3) Why These Changes Matter

These new rules shift several pieces of the H-1B landscape. Here are the implications:

  • Cost becomes a major factor: $100,000 is steep. For small or mid-size companies, especially startups, this may make hiring foreign workers too expensive.
  • Strategic timing: If you’re outside the U.S. and your employer plans to petition, you might need to plan before the rule kicks in, or else face the new fee.
  • No impact for many current visa holders: Those already in the U.S., renewing, or whose petitions were filed earlier are spared this cost. This gives some breathing room.
  • Possible ripple effects: Indian IT firms (which have historically relied heavily on H-1B petitions) see this as a major shift. Organizations like Nasscom are studying the long-term effect.

4) What Remains the Same

While fees and rules about entry are changing for new petitions, the core of H-1B still works similarly:

  • Specialty occupation requirement, degree/credentials needed.
  • Lottery system (for cap-subject H-1Bs) for those applying under the annual cap.
  • Labor Condition Application requirement (wages, working conditions) to protect U.S. workers.
  • Duration and renewals still valid, subject to previous rules and eligibility.

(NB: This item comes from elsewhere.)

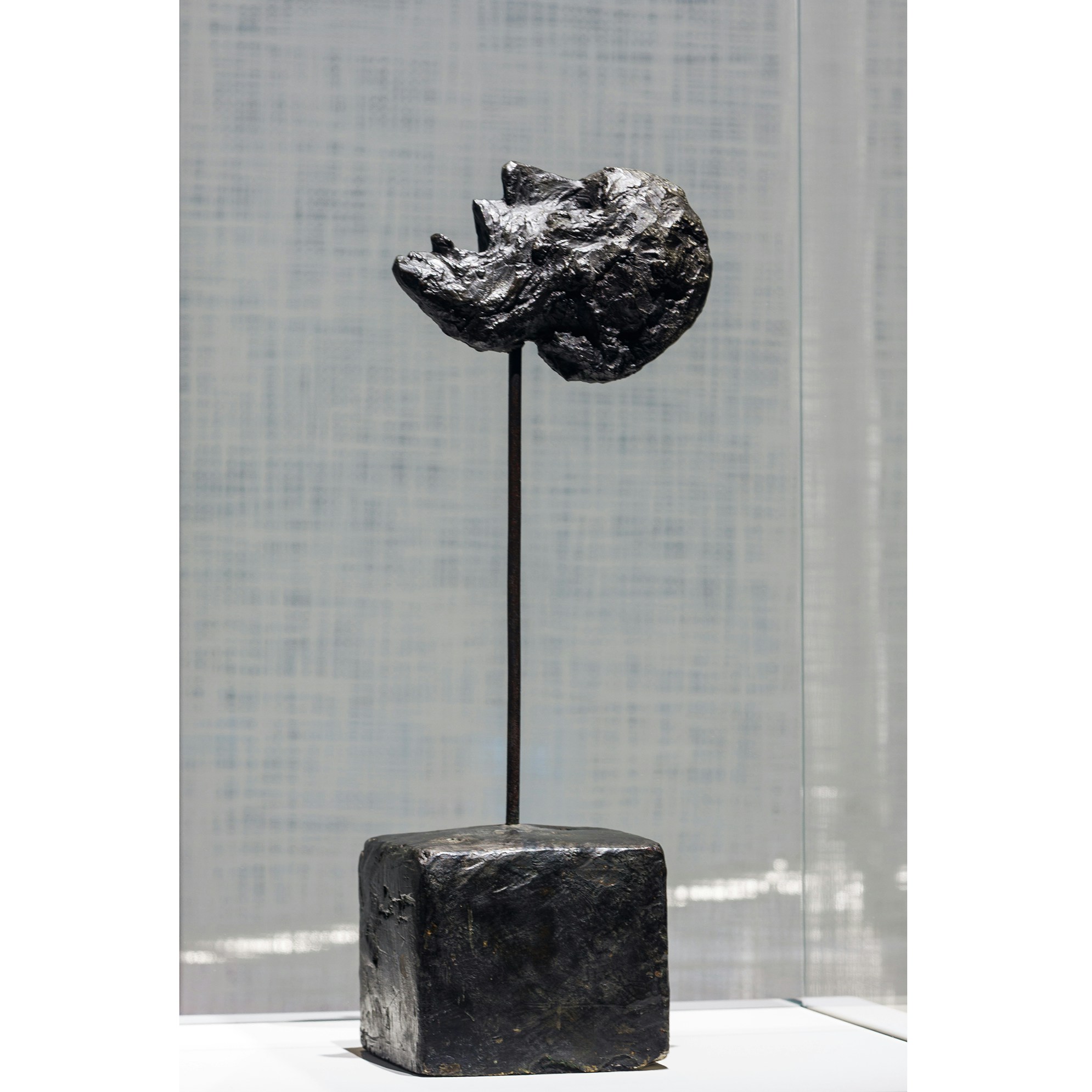 同展に出品されているもっとも初期の作品である《棒に支えられた頭部》(1947)は、ある2人の人物の死の追憶から生まれた。1946年12月、雑誌『ラビリンス』に寄せた「夢・スフィンクス楼・Tの死」という謎めいた文章のなかでジャコメッティは、オランダ人の隣人Tと、かつてチロル地方を共に旅したヴァン・Mの死について克明に描写しているが、死に際して彼らの頭はのけぞり、口が開いていたという点で共通している。そして、Tの死を目の当たりにして抱いた、無に等しいオブジェとなった頭への恐怖を、ジャコメッティは生きている人々に対しても見出す。生きていると同時に死んでいる対象、時間や空間との関係を失い、絶対的な不動性のなかで凍りついた人間や物、それこそ、ジャコメッティが苦心しながらデッサンや彫刻でとらえようとした存在の核心である。

5) Who Should Be Especially Alert & How to Respond

If you fall into one (or more) of the following, you should plan carefully:

  1. Future Applicants Outside the U.S.
    • If you are still abroad and planning an employer petition, check if it will be filed after Sept 21, 2025. If yes, expect the $100,000 fee.
    • If possible, move up your petition timeline to beat the change.
  2. Employers with Global Hiring Strategy
    • For companies hiring globally, budget for this fee if bringing in new people.
    • Reconsider whether to sponsor H-1B for those outside vs. those switching status inside the U.S.
  3. Visa Consultants / Immigration Attorneys
    • Need to stay updated, advise clients about this fee, help them evaluate cost vs benefit.
    • Watch legal challenges—some may argue constitutional or statutory problems in such high fees.
  4. People Moving / Returning from Travel
    • If H-1B holders outside U.S., ensure re-entry status remains valid and avoid misunderstandings about fee applicability.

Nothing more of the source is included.